Evolving language (and other forms of social learning) poses at least a bit of a chicken-and-egg problem—you need speakers putting rich conceptual information into the sounds going out, and listeners trying to match the sounds coming in to rich conceptual information. Likewise, you need certain mental capabilities to create a technological society, but if you’re not already in that technological society, there isn’t necessarily an evolutionary pressure to have those capabilities. I suspect (not having thought about it very much) that these kinds of chicken-and-egg problems are why it took evolution so long to create human-like intelligence.

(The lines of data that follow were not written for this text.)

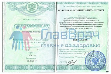 Российский национальный исследовательский медицинский университет имени Н.И. Пирогова. Специализация: «Неврология»
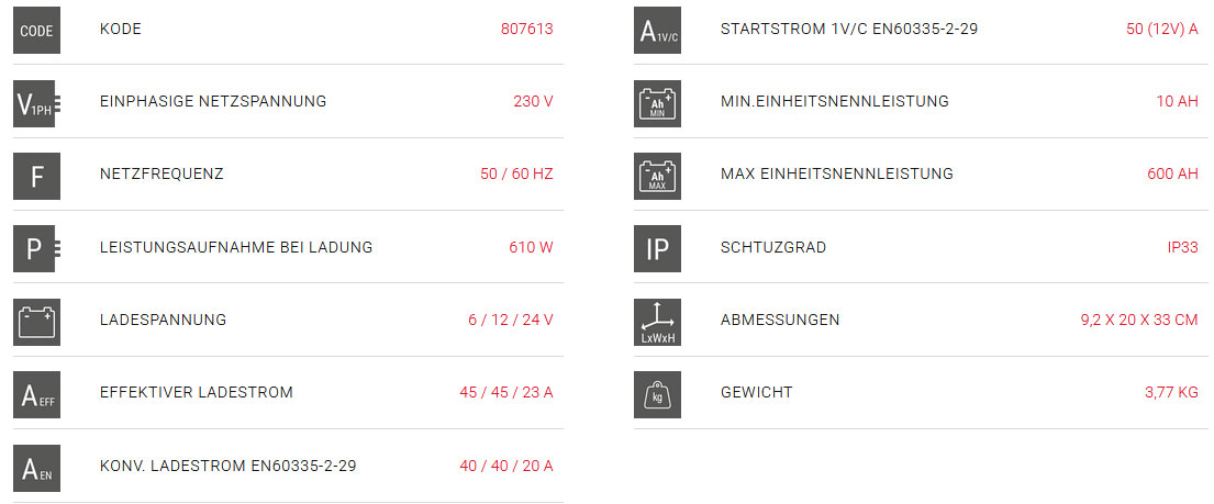 Die hohe Effizienz und die umfassende Kontrolle des Ladevorgangs führen zu erheblich kürzeren Ladezeiten und einer nachweislich längeren Batterielebensdauer. Das Gerät arbeitet mit den zuletzt getätigten Einstellungen (SMPS-Technologie) und bietet Schutz gegen Überlast, Kurzschluss und Verpolung.
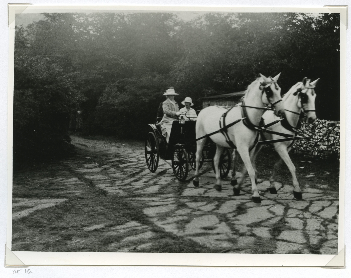 Två damer i vagn, förspänd med två vita hästar. Bild från Skälby gård 1924.

AGI wouldn’t have those chicken-and-egg problems. I think GPT-3 shows that just putting an AI in an environment with human language, and flagging the language as an important target for self-supervised learning, is already enough to coax the system to develop a wide array of human-like concepts. Now, GPT-3 is not an AGI, but I think it’s held back by having the wrong architecture, not the wrong environment. (OK, well, giving it video input couldn’t hurt.)

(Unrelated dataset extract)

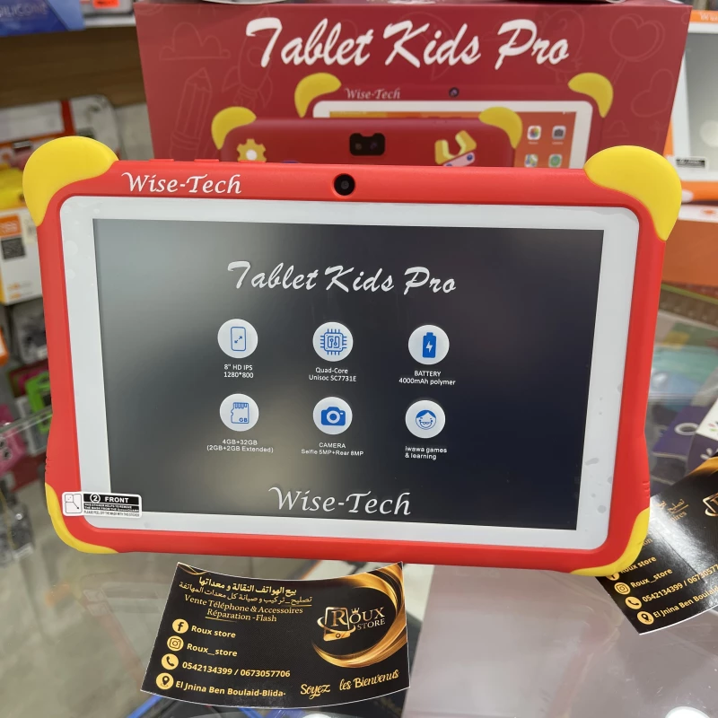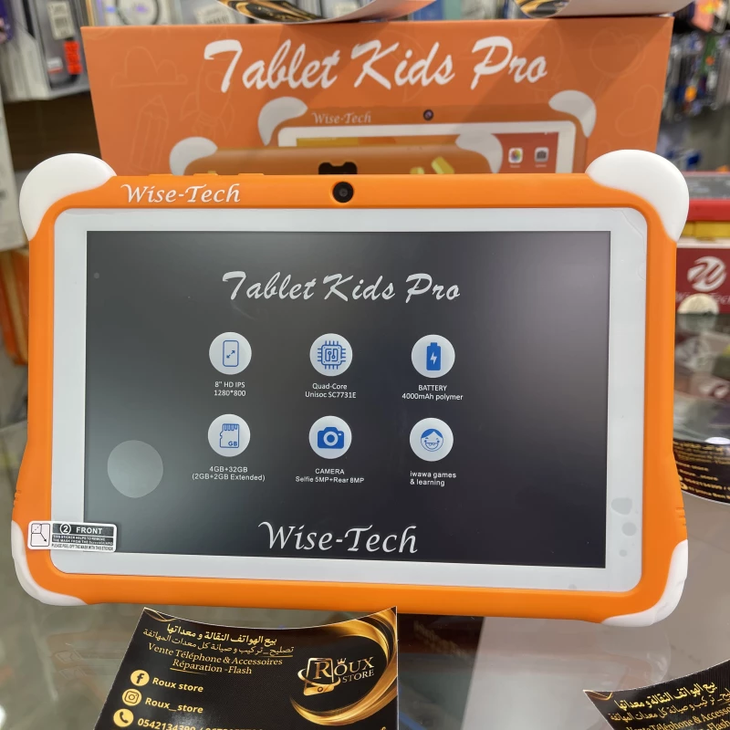 La Wise Tech Kids Pro est spécialement conçue pour les enfants. Elle combine éducation, divertissement et sécurité dans un seul appareil robuste et adapté aux plus jeunes.
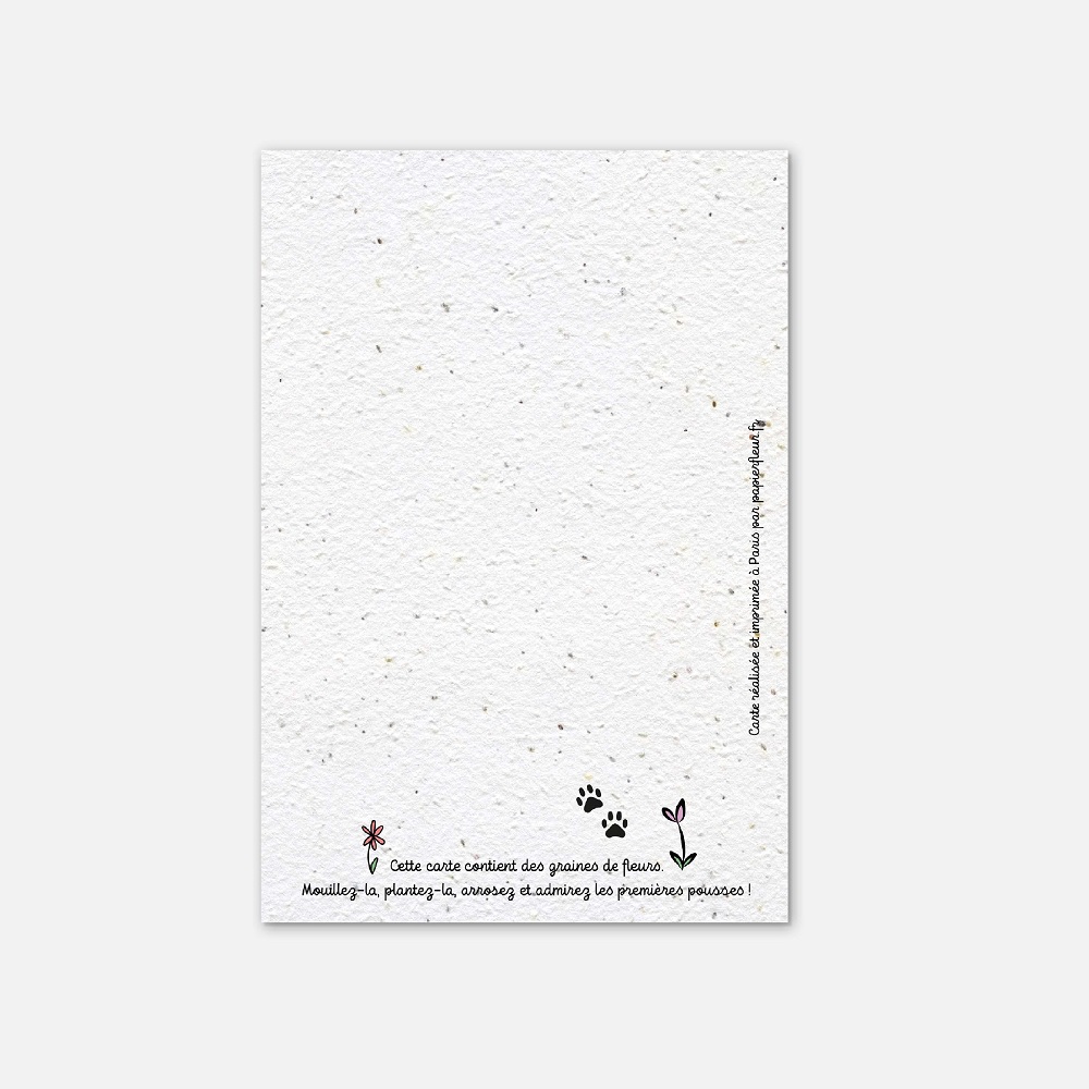 Cette carte est imprimée sur du papier ensemencé. Ce papier, biodégradable et compostable, est fabriqué à partir de fibres recyclées. Il est serti de graines et peut être planté. À toutes les étapes de la fabrication et de l’impression, nous faisons en sorte que soient préservés les qualités germinatoires et le caractère éco-responsable de nos produits.

I’m also a bit confused about your reference to “Rich Sutton’s bitter lesson”. Do you agree that Transformers learn more / better in the same environment than MLPs? That LSTMs learn more / better in the same environment than simpler RNNs? If so, why not suppose that a future yet-to-be-discovered architecture, in the same training environment, will wind up more AGI-ish? (For what little it’s worth, I have my own theory along these lines, that we’re going to wind up with systems closer to today’s probabilistic programming and PGMs than to today’s DNNs.)
I like and agree with this point, and have made a small edit to the original post to reflect that. However, while I don’t dispute that GPT-3 has some human-like concepts, I’m less sure about its reasoning abilities, and it’s pretty plausible to me that self-supervised training on language alone plateaus before we get to a GPT-N that does. I’m also fairly uncertain about this, but these types of environmental difficulties are worth considering.
I’m also a bit confused about your reference to “Rich Sutton’s bitter lesson”. Do you agree that Transformers learn more / better in the same environment than MLPs? That LSTMs learn more / better in the same environment than simpler RNNs?
Yes, but my point is that the *content* comes from the environment, not the architecture. We haven’t tried to leverage our knowledge of language by, say, using a different transformer for each part of speech. I (and I assume Sutton) agree that we’ll have increasingly powerful models, but they’ll also be increasing general—and therefore the question of whether a model with the capacity to become an AGI does so or not will depend to a significant extent on the environment.
Thanks! I’m still trying to zero in on where you’re coming from in the Rich Sutton thing, and your response only makes me more confused. Let me try something, and then you can correct me...
My (caricatured) opinion is: “Transformers-trained-by-SGD can’t reason. We’ll eventually invent a different architecture-and-learning-algorithm that is suited to reasoning, and when we run that algorithm on the same text prediction task used for GPT-3, it will become an AGI, even though GPT-3 didn’t.”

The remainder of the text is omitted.